Required action
Once you find the line with "Dr. Martens Mens" in the entries below, print it and each line after it up to and including the line with "- VIELSEITIGER EINSATZBEREICH: Die", exactly, without pictures.

Segment Start: Data in this exercise

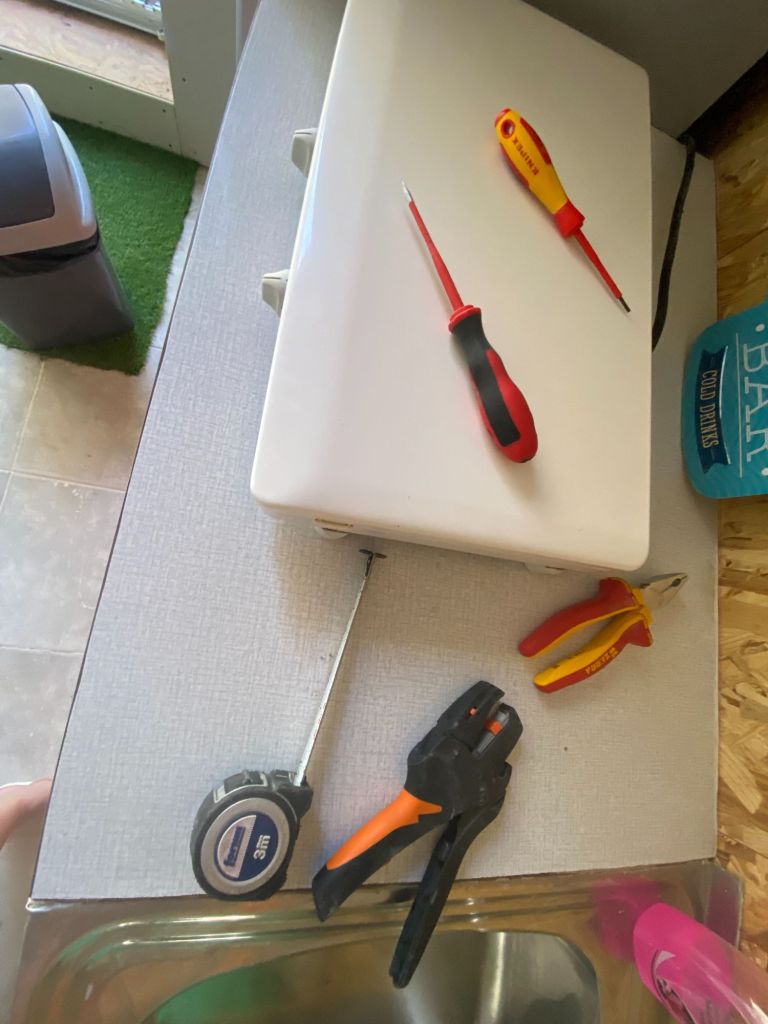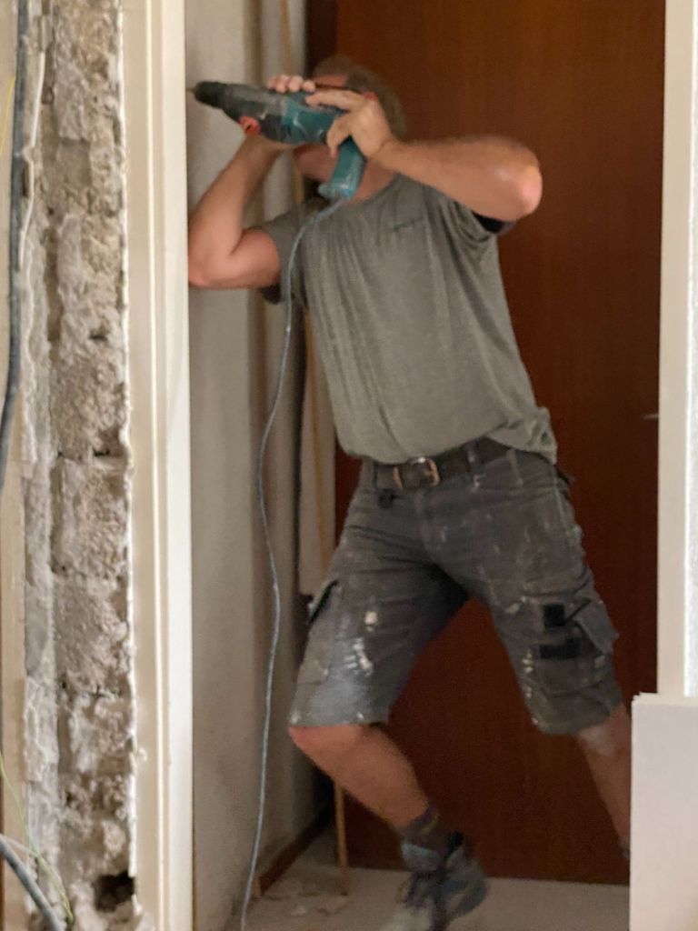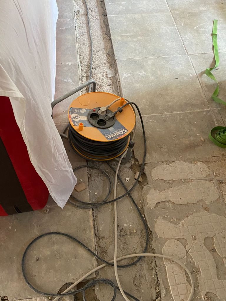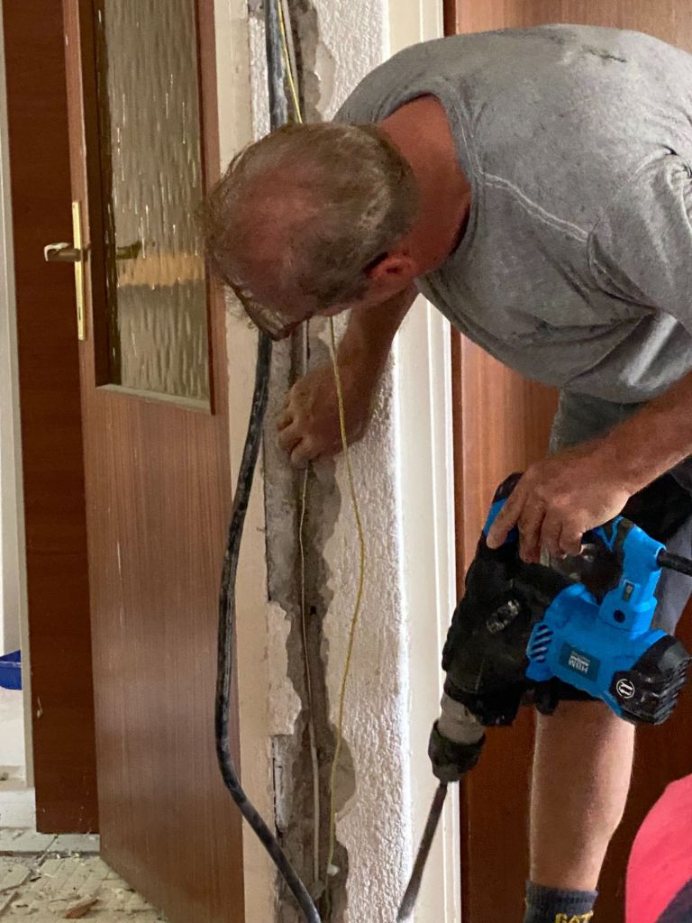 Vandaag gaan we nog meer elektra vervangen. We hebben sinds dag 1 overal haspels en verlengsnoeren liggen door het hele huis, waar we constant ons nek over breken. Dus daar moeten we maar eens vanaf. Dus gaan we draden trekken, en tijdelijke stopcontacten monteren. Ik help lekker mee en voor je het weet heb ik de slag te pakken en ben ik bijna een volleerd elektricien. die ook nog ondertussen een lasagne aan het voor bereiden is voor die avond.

Segment End: Data in this exercise
Segment Start: Data in this exercise

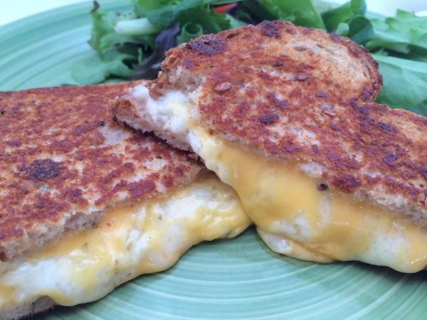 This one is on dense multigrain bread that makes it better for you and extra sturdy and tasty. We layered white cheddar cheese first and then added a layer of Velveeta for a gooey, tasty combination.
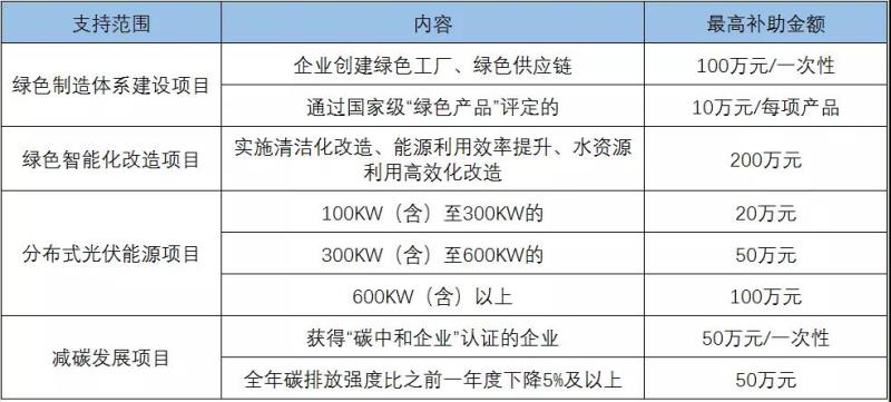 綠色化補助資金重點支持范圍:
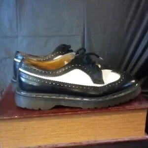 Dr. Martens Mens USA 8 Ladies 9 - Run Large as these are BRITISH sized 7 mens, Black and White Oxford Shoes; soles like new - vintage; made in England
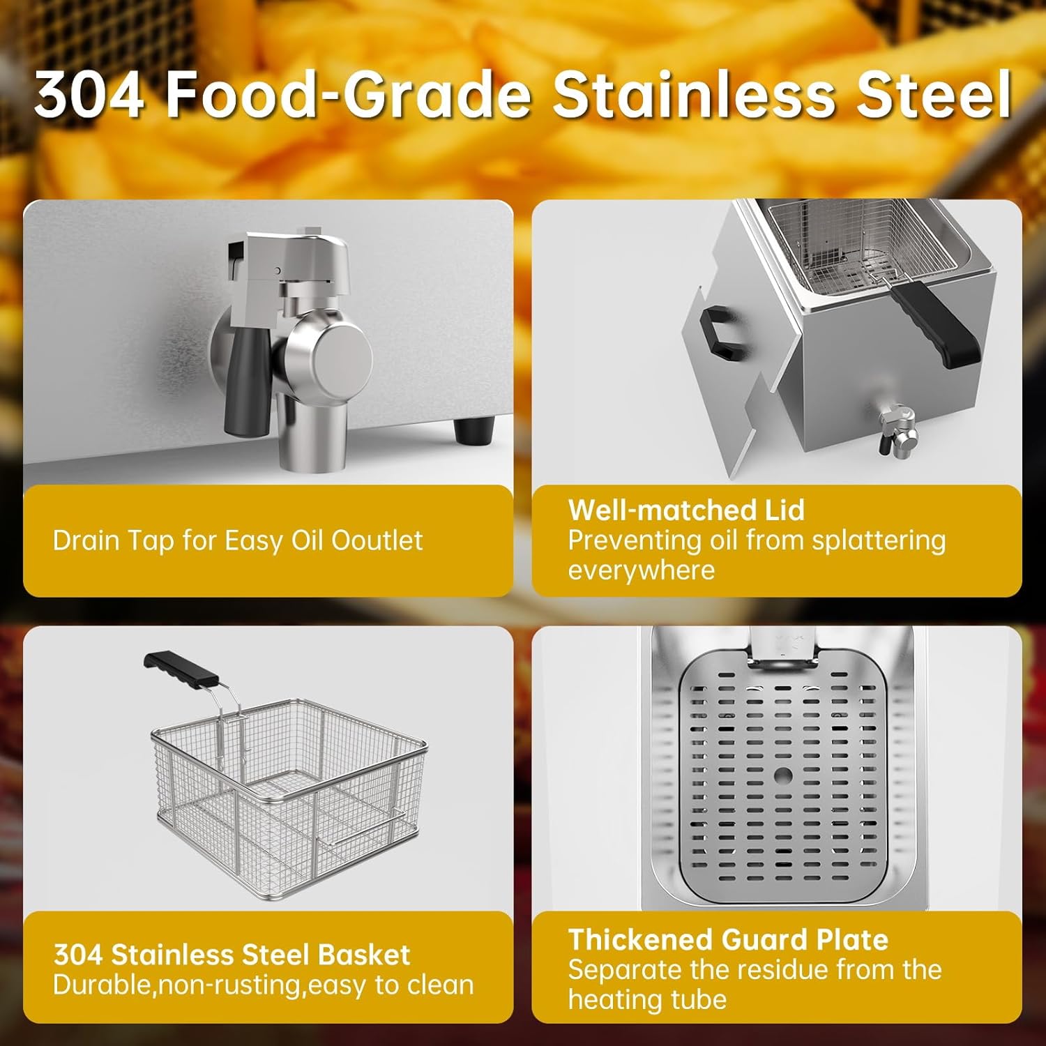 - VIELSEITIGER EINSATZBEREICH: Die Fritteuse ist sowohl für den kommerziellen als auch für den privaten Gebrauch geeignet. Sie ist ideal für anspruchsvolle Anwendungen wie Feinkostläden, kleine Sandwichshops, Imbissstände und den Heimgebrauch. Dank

Segment End: Data in this exercise

Solution to this exercise
 Dr. Martens Mens USA 8 Ladies 9 - Run Large as these are BRITISH sized 7 mens, Black and White Oxford Shoes; soles like new - vintage; made in England
 - VIELSEITIGER EINSATZBEREICH: Die Fritteuse ist sowohl für den kommerziellen als auch für den privaten Gebrauch geeignet. Sie ist ideal für anspruchsvolle Anwendungen wie Feinkostläden, kleine Sandwichshops, Imbissstände und den Heimgebrauch. Dank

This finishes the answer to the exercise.